### TASK
In the records below, find the line with "見学後、参加者から「新しいヤ" and repeat exactly every line from it through the line with "生活面を象徴する運勢です。外". Pictures stay out.

### DATA FOR REVIEW
=== Begin Enclosure ===
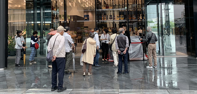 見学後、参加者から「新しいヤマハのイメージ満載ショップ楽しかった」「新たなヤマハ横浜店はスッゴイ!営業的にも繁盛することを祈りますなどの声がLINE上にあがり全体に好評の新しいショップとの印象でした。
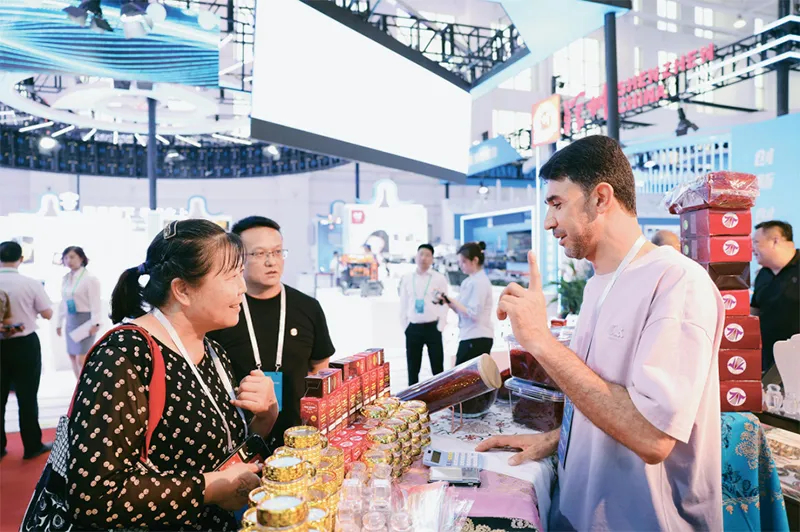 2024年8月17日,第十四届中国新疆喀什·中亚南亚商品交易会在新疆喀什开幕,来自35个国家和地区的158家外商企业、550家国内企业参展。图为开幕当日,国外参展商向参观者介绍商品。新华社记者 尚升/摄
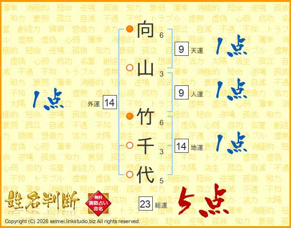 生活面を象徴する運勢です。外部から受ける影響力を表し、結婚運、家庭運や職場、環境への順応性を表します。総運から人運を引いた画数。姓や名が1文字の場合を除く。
=== End Enclosure ===
=== Begin Enclosure ===
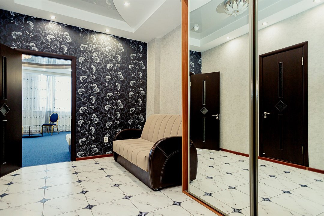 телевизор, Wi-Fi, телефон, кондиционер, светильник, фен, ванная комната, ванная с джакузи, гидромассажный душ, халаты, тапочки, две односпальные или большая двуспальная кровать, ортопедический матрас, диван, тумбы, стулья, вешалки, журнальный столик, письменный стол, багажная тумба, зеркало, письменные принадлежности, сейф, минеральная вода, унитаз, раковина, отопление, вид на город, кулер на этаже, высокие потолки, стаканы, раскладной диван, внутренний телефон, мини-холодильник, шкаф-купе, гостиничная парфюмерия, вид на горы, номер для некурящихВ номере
=== End Enclosure ===
=== Begin Enclosure ===
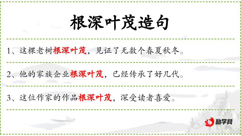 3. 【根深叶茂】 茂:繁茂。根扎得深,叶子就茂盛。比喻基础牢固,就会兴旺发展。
=== End Enclosure ===
### COMPLETED TASK
 見学後、参加者から「新しいヤマハのイメージ満載ショップ楽しかった」「新たなヤマハ横浜店はスッゴイ!営業的にも繁盛することを祈りますなどの声がLINE上にあがり全体に好評の新しいショップとの印象でした。
 2024年8月17日,第十四届中国新疆喀什·中亚南亚商品交易会在新疆喀什开幕,来自35个国家和地区的158家外商企业、550家国内企业参展。图为开幕当日,国外参展商向参观者介绍商品。新华社记者 尚升/摄
 生活面を象徴する運勢です。外部から受ける影響力を表し、結婚運、家庭運や職場、環境への順応性を表します。総運から人運を引いた画数。姓や名が1文字の場合を除く。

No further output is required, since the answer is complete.